Bug 18097

Summary: EXA + Composite causes GLX apps to hang
Product: xorg Reporter: Yang Zhao <yang>
Component: Driver/radeonhdAssignee: Luc Verhaegen <lverhaegen>
Status: RESOLVED FIXED QA Contact: Xorg Project Team <xorg-team>
Severity: normal    
Priority: medium CC: ahabig, karel.podvolecky, sparkybluefang
Version: 7.4 (2008.09)   
Hardware: Other   
OS: All   
Whiteboard:
i915 platform: i915 features:
Attachments:
Description Flags
X logfile, XAA crashing in a very similar way to this EXA bug
none
Log with one stack trace related to this bug
none
screenshot of freeze error
none
backtrace of softlock
none
first attempt to fix
none
Partial EXA changes port from radeon none

Description Yang Zhao 2008-10-16 20:17:49 UTC
Running glxgears under a composite-enabled DE (in my case, Gnome) causes X to hang after a second or two. Screen no longer redraws, load is increased significantly (7~8 on an otherwise idle system) but HW cursor still functions. Not reproducible with just a plain X server.

radeonhd from git master: efaebb70294055f371cd328124b23a343cea6a68

Alex Deucher and I narrowed it down to bad EXA/Composite interaction on IRC. Turning on EXANoComposite seems to work around it.

Neither dmesg nor Xorg.0.log seem to show anything.


I've observed this behaviour before CS branch merge, but only after the GLX app has run for significantly longer, or if I move around the window the app is in. Did not report earlier as I was unsure if it was due to my power management code.

The new CS code seems to expose the bug more consistently and quickly.
Comment 1 Yang Zhao 2008-10-17 07:00:00 UTC
Forgot to mention what the affected hardware is:

ATI Technologies Inc M52 [Mobility Radeon X1300] rev 0, Mem @ 0xd8000000/0, 0xee100000/0, I/O @ 0x00002000/0, BIOS @ 0x????????/131072

xorg-server-1.5.2


rmh3093 on IRC seems to be seeing the same issue on a M56, but unconfirmed.
Comment 2 Steven She 2008-10-17 08:57:33 UTC
I just wanted to confirm that this happens to me too on a M56 with RadeonHD 1.2.2 and 1.2.3. 

(--) PCI:*(0@1:0:0) ATI Technologies Inc M56GL [Mobility FireGL V5200] rev 0, Mem @ 0xd0000000/0, 0xee000000/0, I/O @ 0x00002000/0, BIOS @ 0x????????/131072

When I execute glxgears with compositing enabled, X becomes unresponsive after a second or two.
Comment 3 Marc Dietrich 2008-11-10 02:23:10 UTC
any news here?
My RS690 also hangs, though it seems, that this has nothing to with composting:
(II) RADEONHD(0): Attaching EXA Composite hooks for R5xx.
(**) RADEONHD(0): Option "EXANoComposite" "TRUE"
(**) RADEONHD(0): Option "EXANoUploadToScreen" "TRUE"
(**) RADEONHD(0): Option "EXANoDownloadFromScreen" "TRUE"
(**) RADEONHD(0): EXA: Disabling Composite operation (RENDER acceleration)
(**) RADEONHD(0): EXA: Disabling UploadToScreen
(**) RADEONHD(0): EXA: Disabling DownloadFromScreen

Xorg still locks (some infinite loop), but I can login via network. Xorg.0.log says:
(WW) RADEONHD(0): DRMCPIdle: DRM CP IDLE returned BUSY!

I'm using drm/radeonhd from git. 

Maybe this is a different bug, but it fits the subject ;-)

What can I do to debug it further?
Comment 4 Egbert Eich 2008-12-13 01:32:36 UTC
*** Bug 19008 has been marked as a duplicate of this bug. ***
Comment 5 Marc Dietrich 2008-12-15 03:38:55 UTC
does not happen anymore with v1.2.4+ here.
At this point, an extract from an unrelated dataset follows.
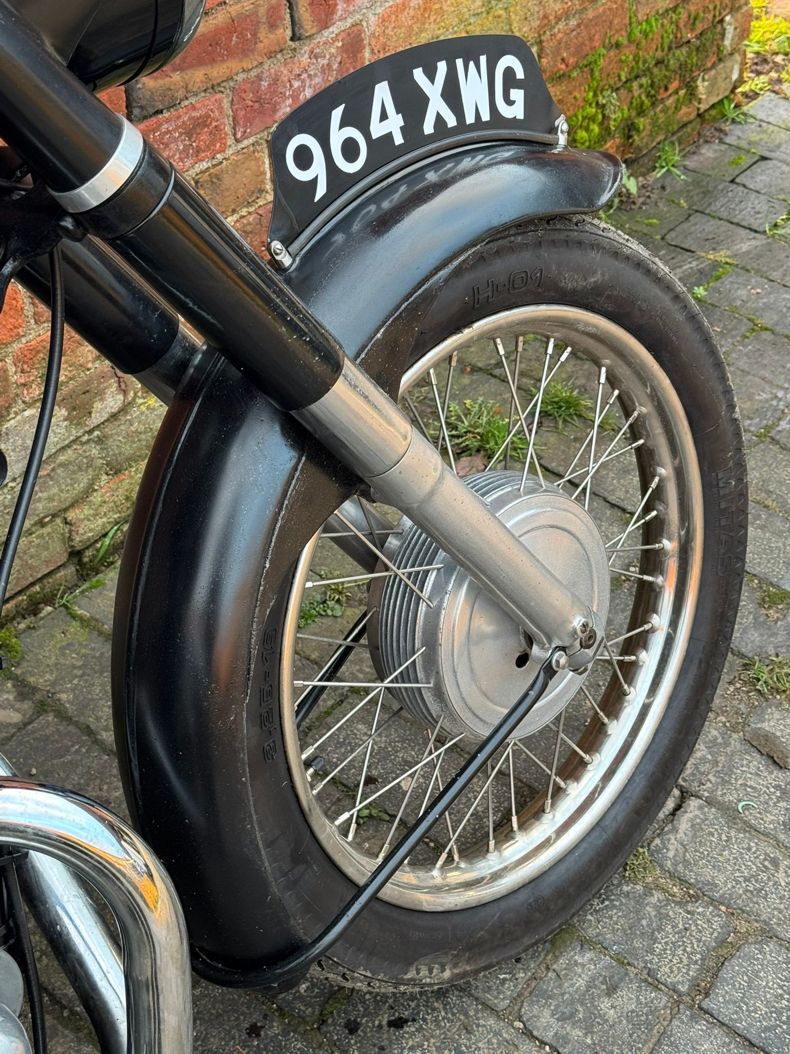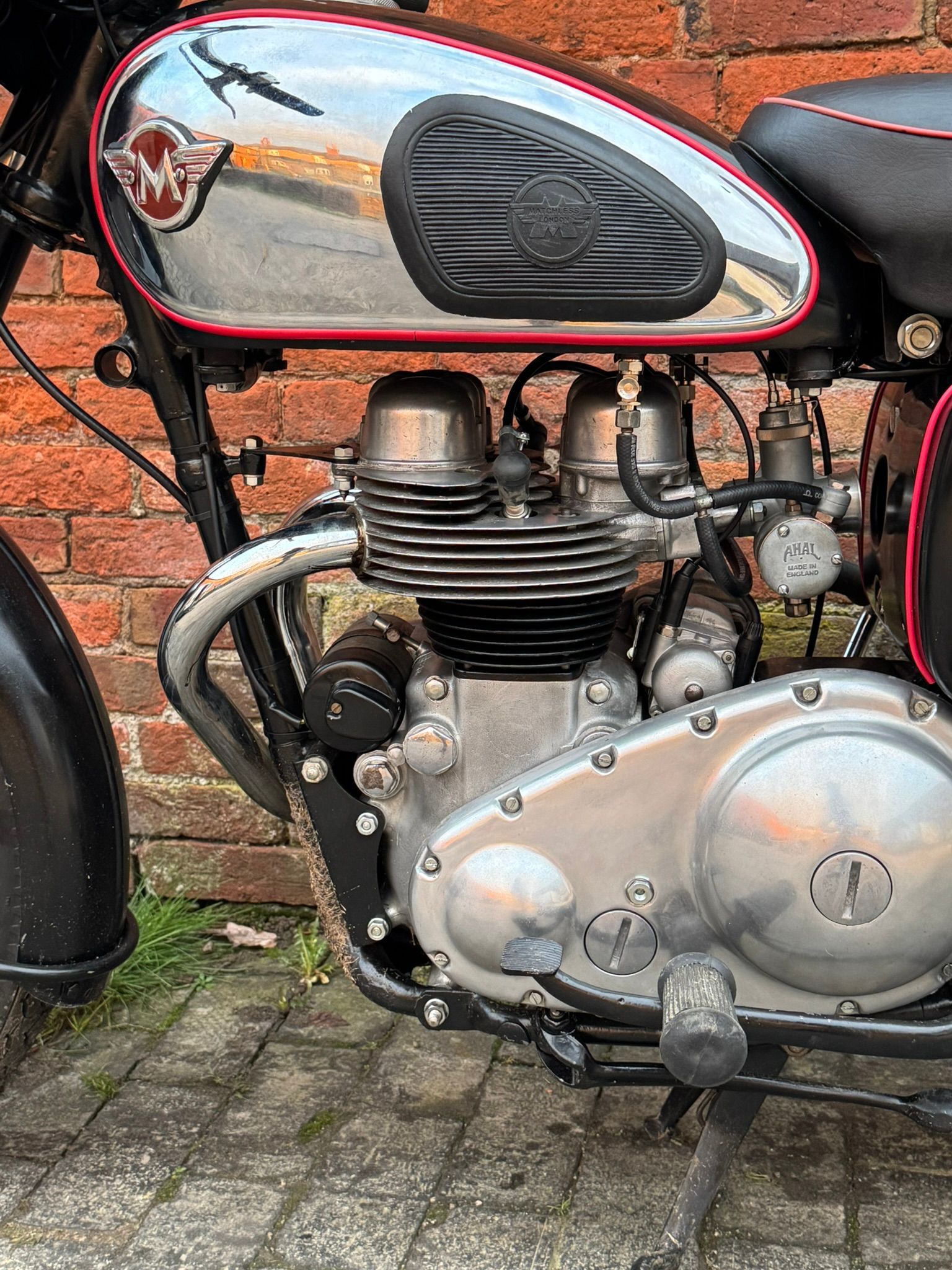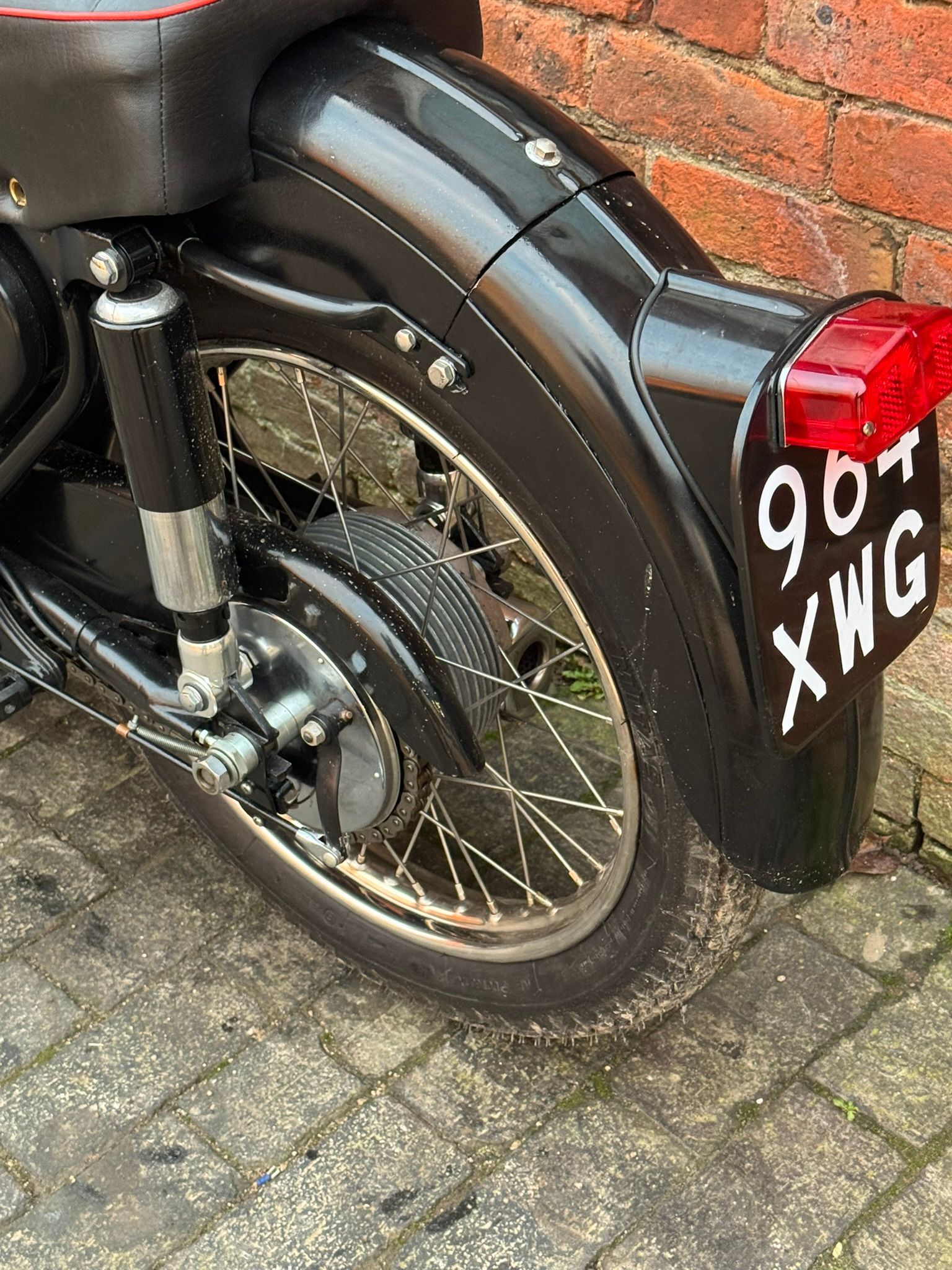 This Matchless came to me having been restored but never quite finished. There was very little to do, fuel lines, some wiring, chaincase screws etc. The bike started easily and sounds very good. It has a loud raspy exhaust note as if there is hardly and baffling in the silencer. Rides very well, good brakes, speedo working, electrics charging good lights. Gears and clutch good.

Will try to crash it by stess testing later ;-)
Comment 6 Alec Habig 2008-12-15 14:43:25 UTC
Still happens to me (w/ 1.2.4), with the

(WW) RADEONHD(0): DRMCPIdle: DRM CP IDLE returned BUSY!
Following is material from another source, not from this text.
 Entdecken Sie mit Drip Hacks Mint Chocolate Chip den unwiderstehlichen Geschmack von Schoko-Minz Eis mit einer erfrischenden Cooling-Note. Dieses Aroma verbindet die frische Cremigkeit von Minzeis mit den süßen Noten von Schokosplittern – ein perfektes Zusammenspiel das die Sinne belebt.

Xorg log messages.  Doesn't happen right away though, took some cube spinning and window wobbling.  Didn't have glxgears running at the time though.
Comment 7 Alec Habig 2008-12-30 09:17:14 UTC
Just wanted to update this bug.  As of commit 003325a56684649171b2c1af50aa490b1461ee16 (ie, just before the R6xx stuff hit) and running on F10's kernel 2.6.27.9-159.fc10 (which includes a bunch of commits from Dave Airlie in early December fixing drm and radeon kernel module stuff), this bug is still present.  Although I didn't get the DRMCPIdle log message this time (likely because I didn't start the Xserver logverbose 7).

The possibly related Bug 19008 is still there too, no log messages in that one of course since the machine locks up hard after a few tens of seconds of glxgears under Windowmaker instead of gnome.
Comment 8 Alec Habig 2009-02-25 14:47:26 UTC
Created attachment 23296 [details]
X logfile, XAA crashing in a very similar way to this EXA bug

Two more data points here.

1) It happens with XAA as well as EXA.  glxgears can run, till you start dragging it around on a desktop with compositing enabled.  
2) kde 4.2 with EXA behaves like windowmaker did.  Simply running glxgears for 5 seconds makes a hard lockup that sometimes sticks the case speaker on, completely bricking the computer.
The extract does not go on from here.